▸ **Supplied material**
———
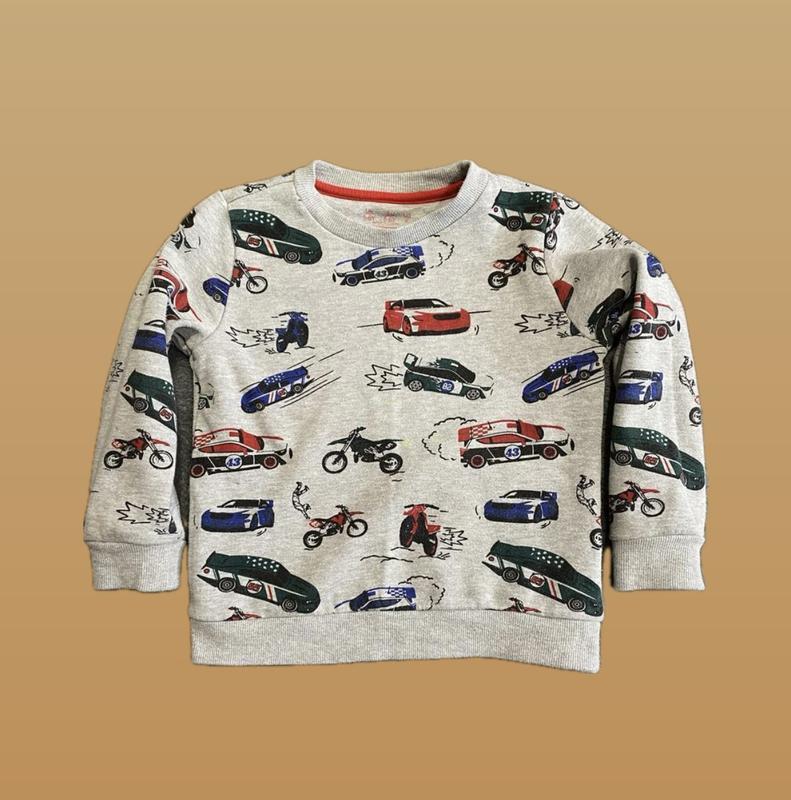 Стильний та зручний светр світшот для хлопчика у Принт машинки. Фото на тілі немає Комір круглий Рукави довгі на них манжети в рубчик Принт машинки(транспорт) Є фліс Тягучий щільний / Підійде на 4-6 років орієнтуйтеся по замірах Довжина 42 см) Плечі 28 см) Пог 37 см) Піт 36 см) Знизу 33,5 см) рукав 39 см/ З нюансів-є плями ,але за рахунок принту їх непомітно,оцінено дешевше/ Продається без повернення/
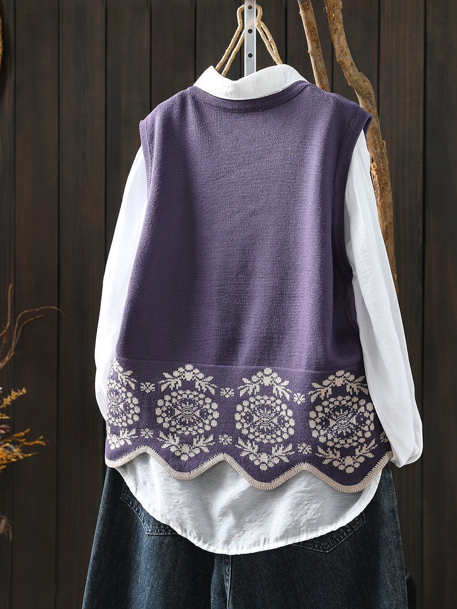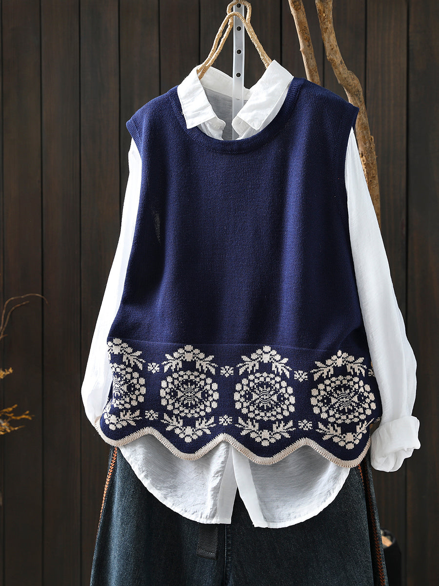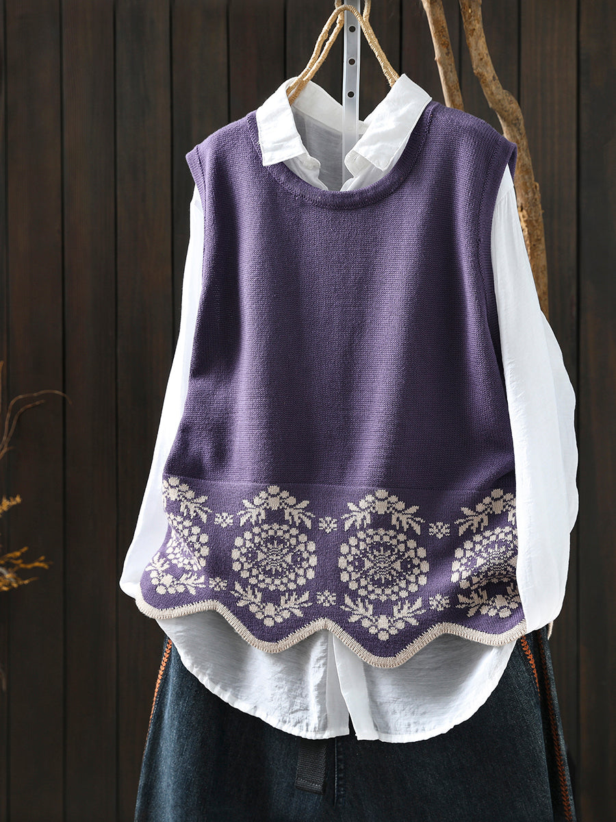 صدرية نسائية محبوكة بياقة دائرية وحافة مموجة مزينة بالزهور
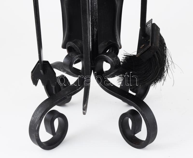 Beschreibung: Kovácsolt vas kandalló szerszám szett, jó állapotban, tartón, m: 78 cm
———
▸ **Task to carry out**
Each line of the data should be printed again exactly. Please leave pictures out.

▸ **Your response**
 Стильний та зручний светр світшот для хлопчика у Принт машинки. Фото на тілі немає Комір круглий Рукави довгі на них манжети в рубчик Принт машинки(транспорт) Є фліс Тягучий щільний / Підійде на 4-6 років орієнтуйтеся по замірах Довжина 42 см) Плечі 28 см) Пог 37 см) Піт 36 см) Знизу 33,5 см) рукав 39 см/ З нюансів-є плями ,але за рахунок принту їх непомітно,оцінено дешевше/ Продається без повернення/
 صدرية نسائية محبوكة بياقة دائرية وحافة مموجة مزينة بالزهور
 Beschreibung: Kovácsolt vas kandalló szerszám szett, jó állapotban, tartón, m: 78 cm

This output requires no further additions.